On January 30, four independent unions, led by the property tax collectors union, formed the Egyptian Federation of Independent Trade Unions. This federation is gaining support. On Wednesday, night-shift workers at the Misr Spinning and Weaving Co.--the country's largest state-owned company--in the industrial center of Mahalla went on strike, and the action spread to other shifts. The workers reportedly voted to join the new federation.

Egypt's two biggest cities, Cairo and Alexandria, are the site of daily multiple strikes. While the heavily industrialized Delta region in the north is seeing many of these actions, some parts of Egypt's south are also on fire. For example, workers from all trades in the southern city of Asyut are on strike, and their street demonstrations give the town the appearance of a general strike.

Western media reports on the Egyptian revolution have emphasized the role of youth in making the revolution--and especially those with access to Facebook and Twitter. But this misses the importance of the mobilization of workers, whether young or old. As a member of the Revolutionary Socialists in Egypt said in an interview:

Young people from different social classes, all with their own grievances against the regime, did play a leading role in igniting this revolution. But the role of the working class in the revolution was central from day one...

[W]orkers in Cairo, Alexandria and Mansoura were key players from the beginning. However, workers couldn't participate collectively in the revolutionary struggle at that point because the capitalists went on strike and shut down production. That would change in the days before the fall of Mubarak on February 11, and in its immediate aftermath.

Egyptian workers refuse to live in the conditions they have been forced to endure any longer. They support the changes so far, but want to go further--to bring down the Mubarak regime and create the space to organize for their legitimate social and economic demands.

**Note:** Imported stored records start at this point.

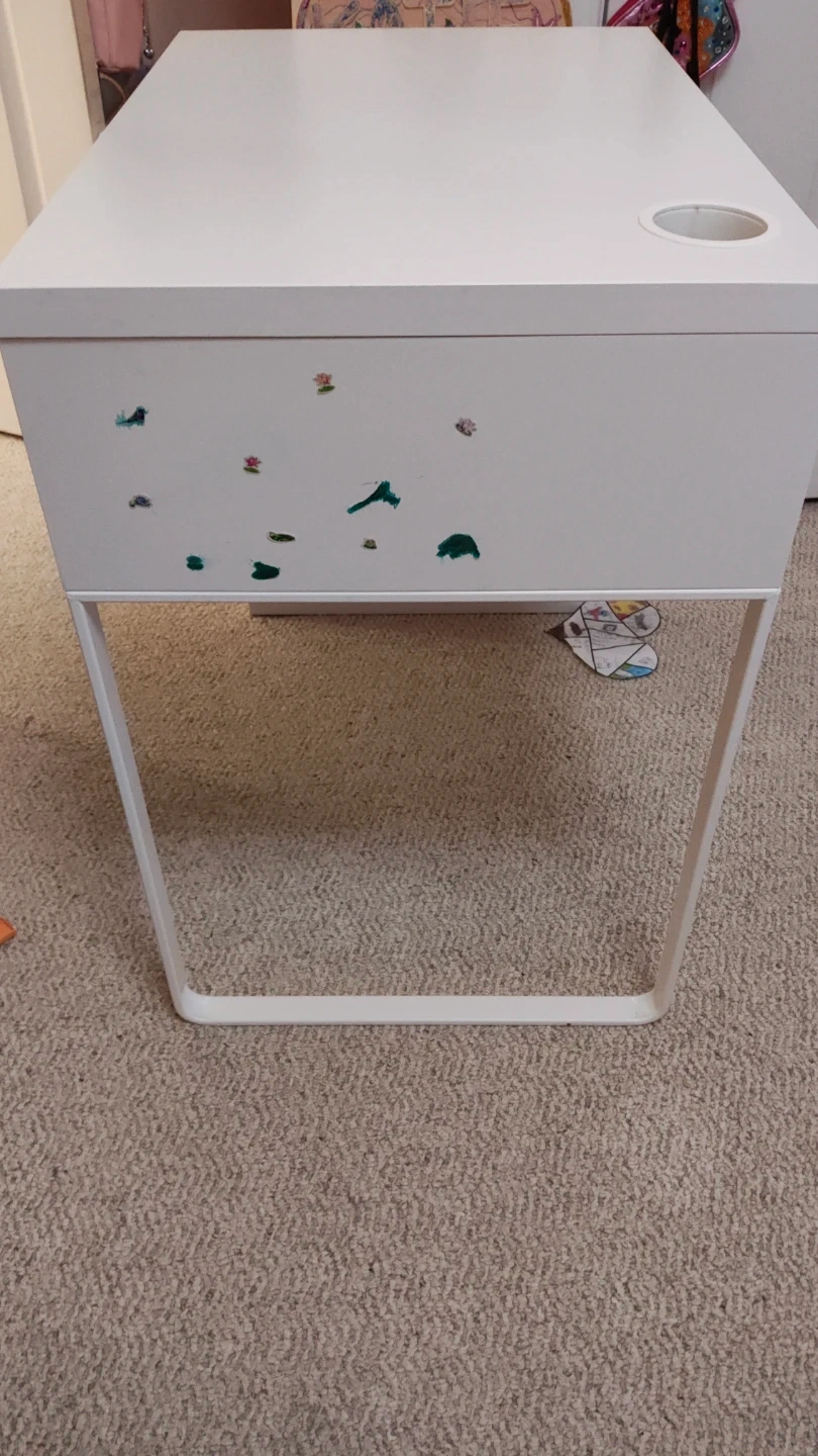 IKEA Micke desk featuring a pull-out drawer and a built-in cable holder. It's a compact and functional workspace solution. Suitable for small rooms or as a student's desk. Some stickers on one side.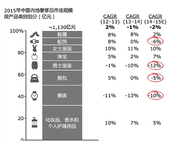 贝恩咨询公司最新发布的报告显示,中国奢侈品销售额 2015 年出现了约 2%的下滑,市场规模从上一年的 1150 亿元降至 1130 亿元。在过去一年间中国奢侈品市场的惨淡表现印证了一件事情:2014 年 1%的负增长并非一时失手,欧美大牌无往不利的好光景已成过去。
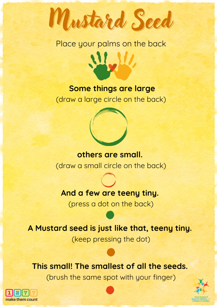 This is an adapted version of the story of the mustard seed, told to help children hear how precious and special they are. Story Massage is a lovely way to tell precious stories to your children and help them to absorb the meanings and blessings into their lives. Using the directions given in the pdf to draw the story on your child’s back if they are comfortable with touch.

On the other side, military leaders and their liberal backers want the Egyptian revolution to come in for a soft landing as a political revolution against a dictator, which leaves the structure of Egyptian society intact. This would replace one section of the ruling class with another--the sections of big business not tarnished by associations with the Mubarak gang taking over from the most corrupt cronies.

The strike wave in Egypt shows the potential for deepening the revolution and transforming it into an all-out class struggle against the social and economic system.